The stuff grows thick as a jungle and has great yield. I have a field with 30 acres of it.


----------



## Vol (Jul 5, 2009)

Josh in WNY said:


> Nice article, Mike. I've been working a field of canary grass on shares with a guy the last two years. The first year we got the first cutting (in round bales) way past prime and it was heavy on stems, but produced a bumper crop of round bales. This year we got the first cutting baled on time (in rounds) and the hay was much nicer, but the yield dropped off (as would be expected). The second cuttings for both years was put up in small squares and was absolutely beautiful, although the leaves were a little coarser than timothy, orchard grass or other 'traditional' grass varieties. The guys beef cows seem to love the stuff and have been putting on weight very well with it.
> 
> I thought about putting some in on my farm the next time I seeded a field... but then I looked at the price. The cheapest from my usual supplier is $242 for a 50 pound bag and they recommend seeding at 14 pounds and acre by itself or 2-10 pounds per acre in a mix. At those prices, I can put in a lot of timothy.
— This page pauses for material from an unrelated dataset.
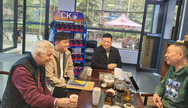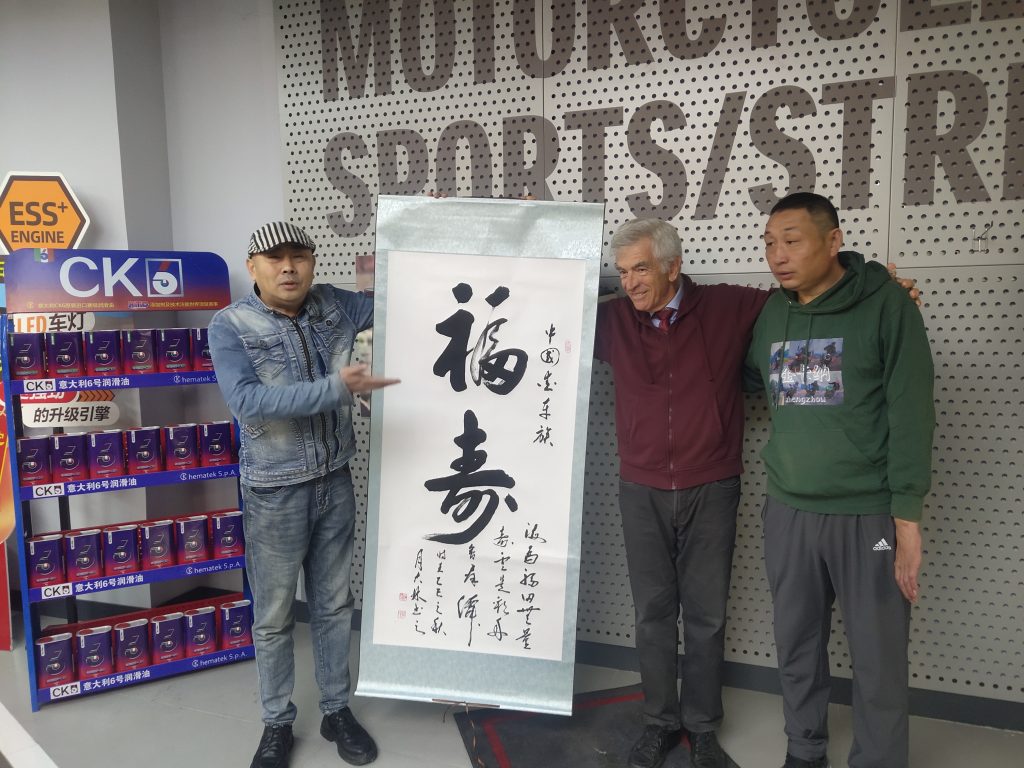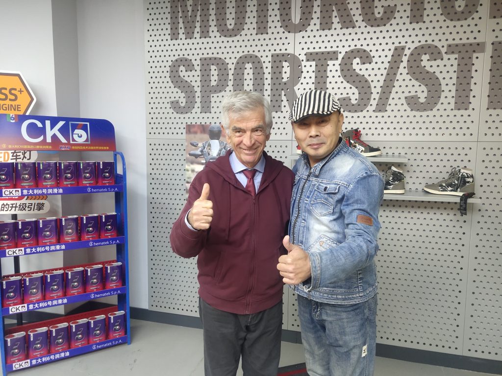 11月6日,意大利CHENMARK(CK6)润滑油技术总监Angel一行专程到访中牟新区爱车族门店,与门店老板李杰展开深度交流,郑州摩道商贸有限公司总经理王继峰陪同参与。

Maybe do the RC grass and Timothy in a mix to get the field established and then it sounds like in time the RC grass will take over with the rhizome roots. That would cut your RC costs in half.

Regards, Mike


----------



## IH 1586 (Oct 16, 2014)

Local farm here that sells seeds has many fields in Reed Canary that he combines. In fact when I was talking with my seed rep from TA Seeds, he had to stop there to pick up Reed Canary seed to take back with him. My uncle has one of those fields beside him and has Reed Canary encroaching to his field. Have not seen that particular field taken off in years just gets brush hogged once in the fall.


----------



## Josh in WNY (Sep 7, 2010)

JD3430 said:


> Might be cheaper in the long run, though.
> The stuff grows thick as a jungle and has great yield. I have a field with 30 acres of it.





Vol said:


> Maybe do the RC grass and Timothy in a mix to get the field established and then it sounds like in time the RC grass will take over with the rhizome roots. That would cut your RC costs in half.
> 
> Regards, Mike


You both might be right, but it would be fun trying to pick the best time to mow... you'd probably have to base it on the CG maturity or it would get a lot of stems in a hurry.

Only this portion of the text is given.